Hi,
Can anyone tell me what are the regs/best practice when running cables from a CU?
I've got wondering after a thread I started called "shower plumbing and electrics", please take a read if you haven't seen it all ready. In summary: I wanted to upgrade an electric shower and wasn't sure what size cable was already there.
I then found that the shower cable and all the other cables from the CU ran up the wall together and under the bathroom floor together, even going through the same one hole in the middle of each joist. I thought you were supposed to use separate holes for each cable, spaced at three times the diameter of the hole?
There's more info in the original thread and I don't want to get in trouble for repeating myself here but I thought a change of title might attract a wider audience.

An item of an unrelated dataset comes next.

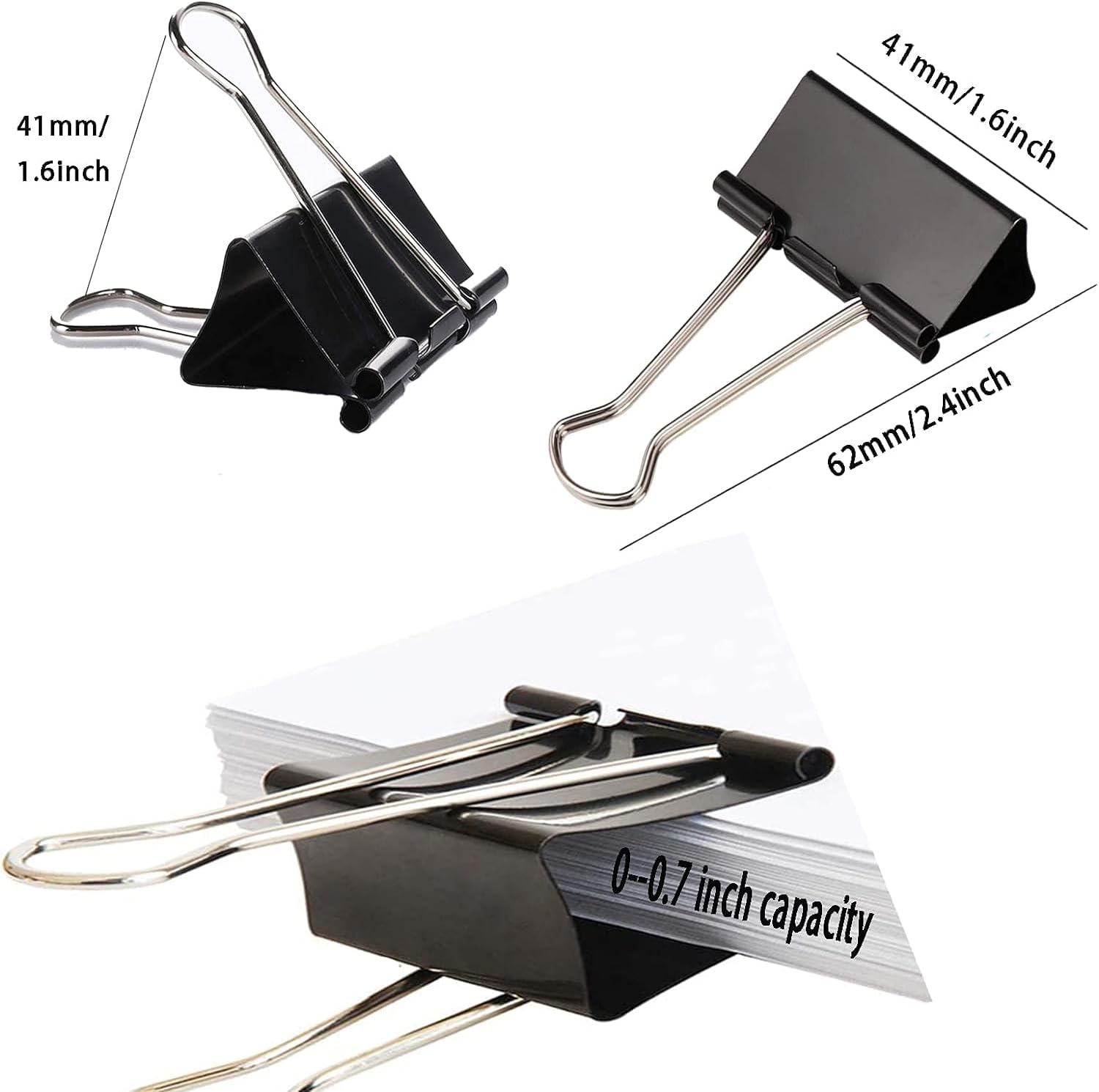 - 【Package Including】48 packs large binder clips, 1.6inch/41mm width, 0.7 inch capacity. They can meet your daily needs.Our large binder clips are perfect for everyday use

Also speaking more generally, it seems to me that by design, all cables have to go to/from a CU, so in any house there will always be a lot of cables close together under the floorboards and down the walls near a CU.
Thinking about my own house, they all run up the wall from the CU and closely together under the landing for 3' or 4' before branching in their various directions. I can't see there is any other easy way to do it, so is it that it doesn't matter if you have tens of cables close together en route to the CU?
On the one hand I think I have read that cable heating doesn't really apply in domestic situations and I can see the logic behind that: the house may be fused at 80A or 100A, so you cannot have an electric shower, electric cooker, immersion heater, and the ring main at 32A all at once. And the cooker and shower should be on for short lengths of time. So does diversity mean that domestic cables never get hot?
On the other hand every now and again someone posts that there are x thousand house fires due to wiring each year. So I am unsure what to think. If grouping, heating, and derating in the home are not important, why include them in the regs. They must be there for a reason surely?